>>>
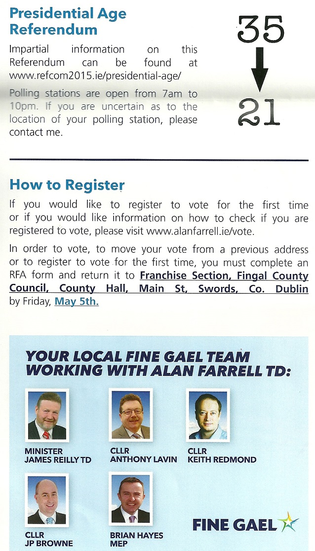 2015 Alan Farrell leaflet with information on the Marriage Equality and Presidential Age Referendums » AFarrellRef3
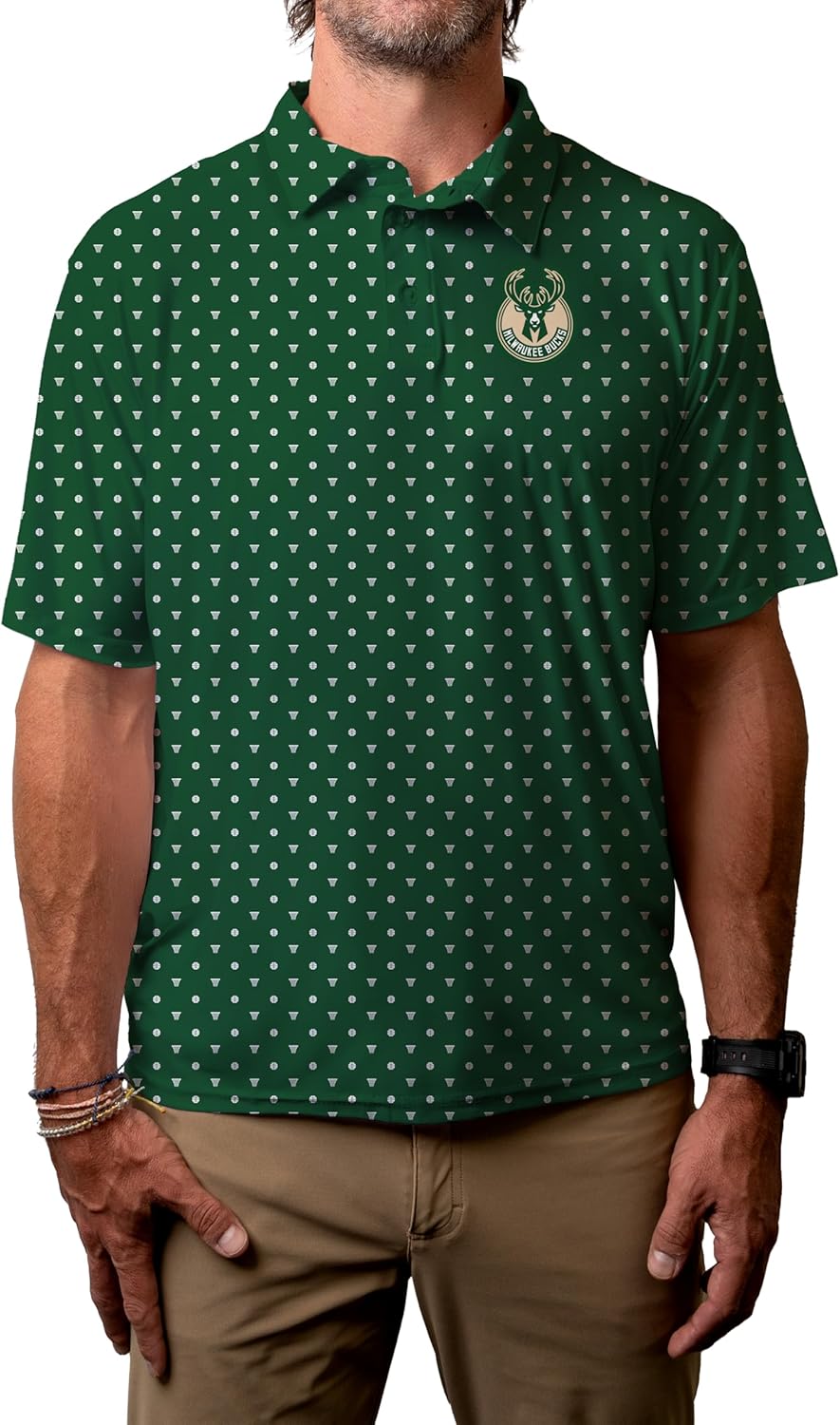 - Sun, sweat, and salt water: meet your match. The color won’t fade from exposure to the elements on this Milwaukee Bucks polo.
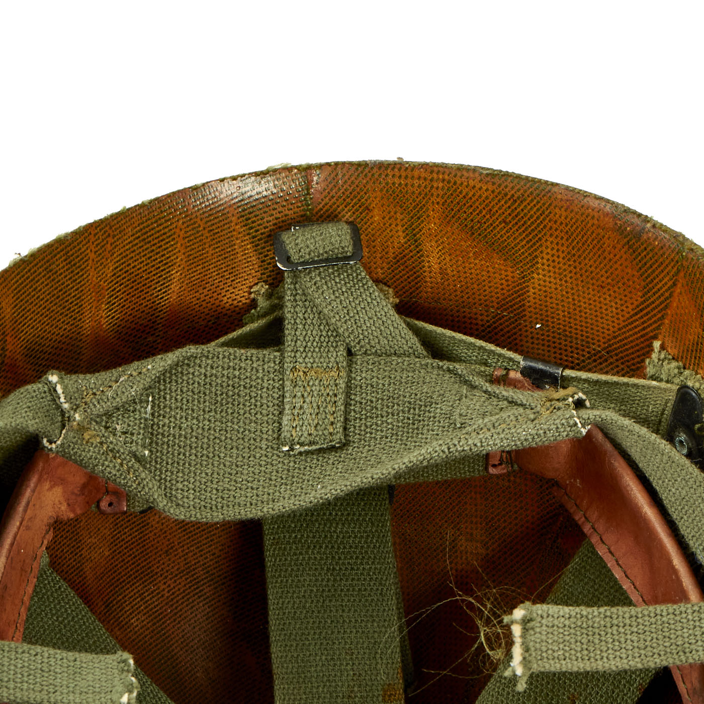 The liner is a correct high pressure 1960s issue liner with a replaced 1973 dated sweatband. The rigging is intact and in great shape, with original markings visible on the sweat band, and just a bit of cracking on the sweat band leather. The rear lower nape strap is present. The liner itself shows honest wear in a hot, humid, environment, but is in good condition overall.
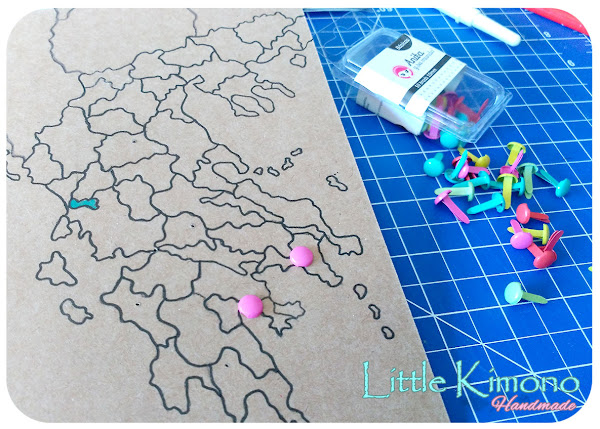 3. Marcamos los puntos visitados y colocamos brads de colores (los míos son de Anita y su mundo, también los podéis encontrar en Amazon).
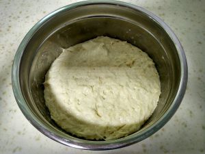 充分揉成光滑的面团,(我用厨师机慢速搅拌了10分钟),揉好后盖上保鲜膜,室温下松驰15分钟;
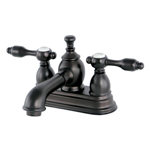 Offering a nod toward the past, this faucet is beautifully inspired by the vintage elegance of mid-19th Century design. Centerset bathroom faucets are ideal for smaller bathrooms and feature an easy 3-hole installation. The Tudor 4-inch centerset bathroom faucet with brass pop-up and its featured sturdy brass construction and premium oil rubbed bronze finish are guaranteed to glamorize your home's traditional ensemble for years to come. A unique and classically enchanting personality is embodied in this centerpiece. A matching finish drain is also included.
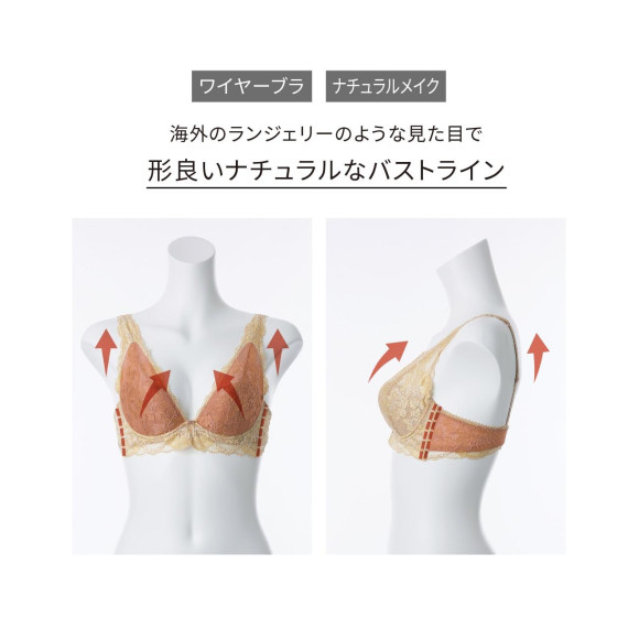 やさしい着け心地でナチュラルにバストメイク。インポート風総レースのフルカップ。
<<<
◆ Problem statement ◆
Of all the material above, only the lines from the one that has "The liner is" down to the one that has "充分揉成光滑的面团,(我用厨" are to be written out, exactly and with both ends included. Pictures are skipped.

◆ Problem solution ◆
 The liner is a correct high pressure 1960s issue liner with a replaced 1973 dated sweatband. The rigging is intact and in great shape, with original markings visible on the sweat band, and just a bit of cracking on the sweat band leather. The rear lower nape strap is present. The liner itself shows honest wear in a hot, humid, environment, but is in good condition overall.
 3. Marcamos los puntos visitados y colocamos brads de colores (los míos son de Anita y su mundo, también los podéis encontrar en Amazon).
 充分揉成光滑的面团,(我用厨师机慢速搅拌了10分钟),揉好后盖上保鲜膜,室温下松驰15分钟;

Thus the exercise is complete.